View Full Version : Is a better e-book format always better?


Bob Russell
05-18-2006, 05:32 PM
Of course a better e-book format is better, you say! Well, not so fast. Let me explain what I mean.

Consider the following spectrum (my apologies if the spacing doesn't come out nicely):

Text ....... HTML ........ Fancy Format
<------------------------------------------>

Clearly, HTML has some big advantages over plain text files. Hyperlinks, formatting and so forth are important improvements in content presentation. It's more flexible and competent.

We could plug in something for fancy format like Palm Doc, eReader, iSiloX, Plucker, Acrobat, LaTex, Microsoft Word or probably a hundred more formats. Each of them has advantages over simple text or HTML that make them more competent in presenting and storing (e.g. compressing) content. Pdf, for example, can represent a page much better than HTML, and is much more like the page of a book. In other words, each of these formats is "better", but it doesn't mean we prefer them.

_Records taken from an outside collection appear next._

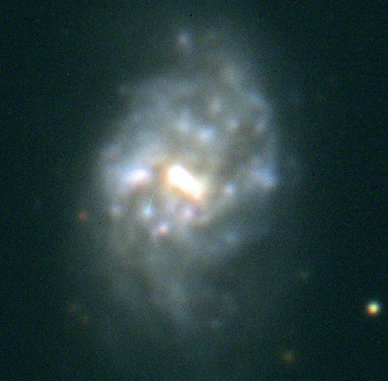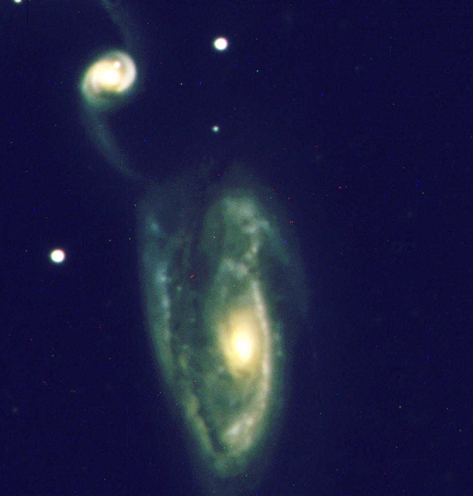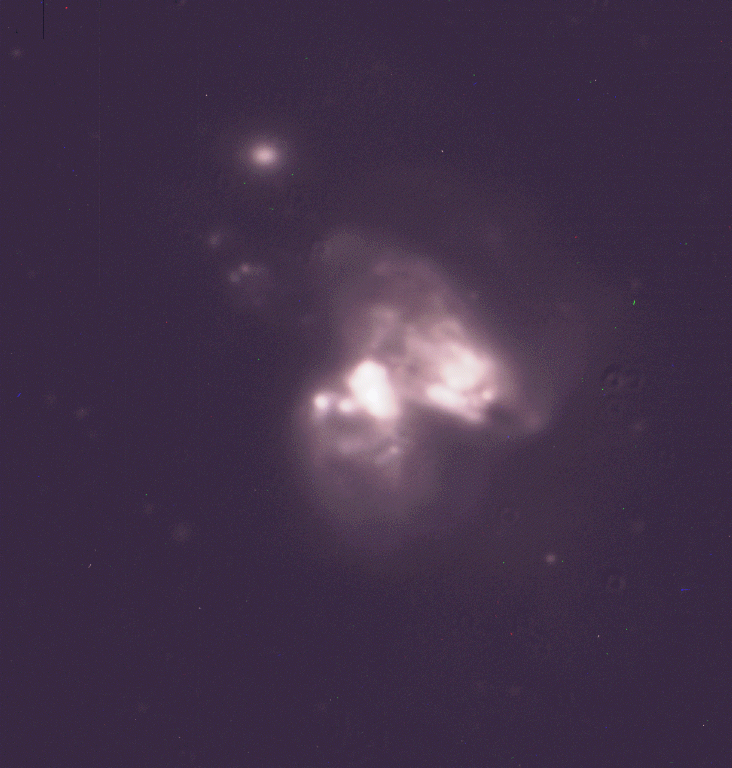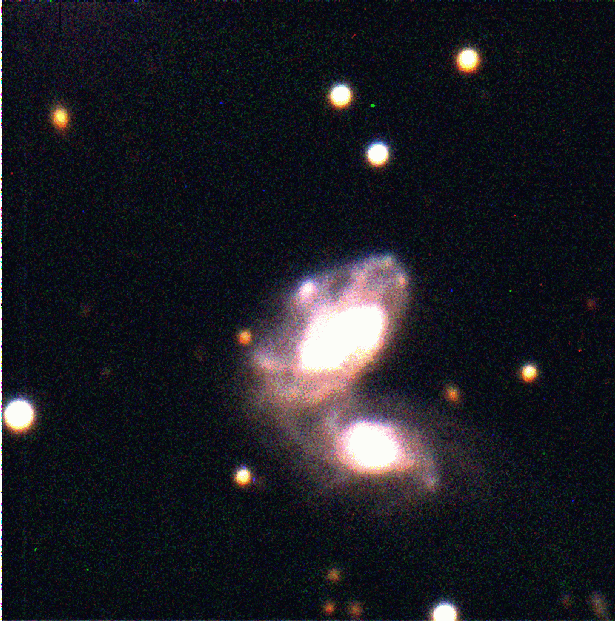 the right galaxy in the image, and it is merging with NGC 3690, which is on the left. It has a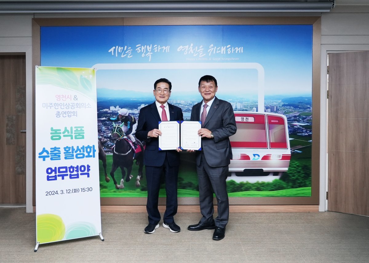 영천시는 12일 시청에서 미주 한인상공회의소 총연합회 회장단 일행을 접견하고 미국 시장 진출 확대를 위한 업무협약을 체결했다.이번 협약은 영천시 우수 농특산물의 미주 수출 확대를 위한 교류와 협력을 강화하는 내용을 담고 있다.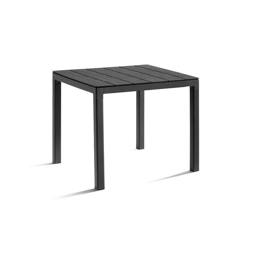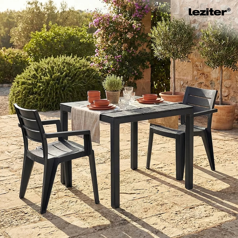 Wybierz plastikowy stół ogrodowy Evan w kolorze grafitowym, aby stworzyć praktyczną, nowoczesną jadalnię lub salon na świeżym powietrzu.

More sophisticated formats are better in the sense of capability, but not necessarily better for us. Why not? Primarily, we are often concerned more with compatibility than capability. We want the format to be usable in any e-book reader, or editor. Just because it is powerful or flexible doesn't mean much if it's not "interoperable." It needs to be not only simple, but more importantly supported universally. So to update the diagram...

Text ....... HTML ........ Fancy Format
<------------------------------------------>
Simple/Interoperable........ Less Compatible

My point is simply to emphasize that there is great value in compatibility. Text and HTML are great because they are simple and interoperable with all kinds of software from e-book readers to browsers to word processors to format converters and so forth. Fancy formats give us things like support for one primary program, and maybe compression and DRM. So why haven't fancy formats caught on more? They are not naturally interoperable.

I am not familiar enough to speak to the value of proposed open formats. (I would love to see some simple overviews of that.) But I am pretty sure that other closed and complicated formats will have trouble dominating the e-book world. We need interoperability.

What surprises me is that we haven't seen existing standards applied to book and content presentation more. Or maybe I'm just not aware of it, I'm not sure. But why can't XML include content and presentation information. Or what about CSS? All of that can be compressed if necessary. Is there a reason it's not the basis of e-book formats? Simple is good!

rlauzon
05-18-2006, 06:36 PM
One more thing about PDF that you alluded to: It's page-centric.

What does the concept of pages mean in an eBook?

In paper books, pages are used for:
1. Partitioning the book. People usually stop reading on a page/paragraph break.
2. Indexing - the index points to the page.
3. A place to put footnotes.

In an eBook, we need none of this.
1. The partitioning is now by paragraph. This is how I read eBooks on my Palm today. There are no "pages" but rather one large text with paragraph breaks.
Bookmarks can be put anywhere in the text.
2. Indexing no longer need to refer to the page - it can be some sort of link directly to the item indexed.
3. Footnotes no longer need to be put at the bottom of the page, but can be a link directly to the footnote text anywhere in the document.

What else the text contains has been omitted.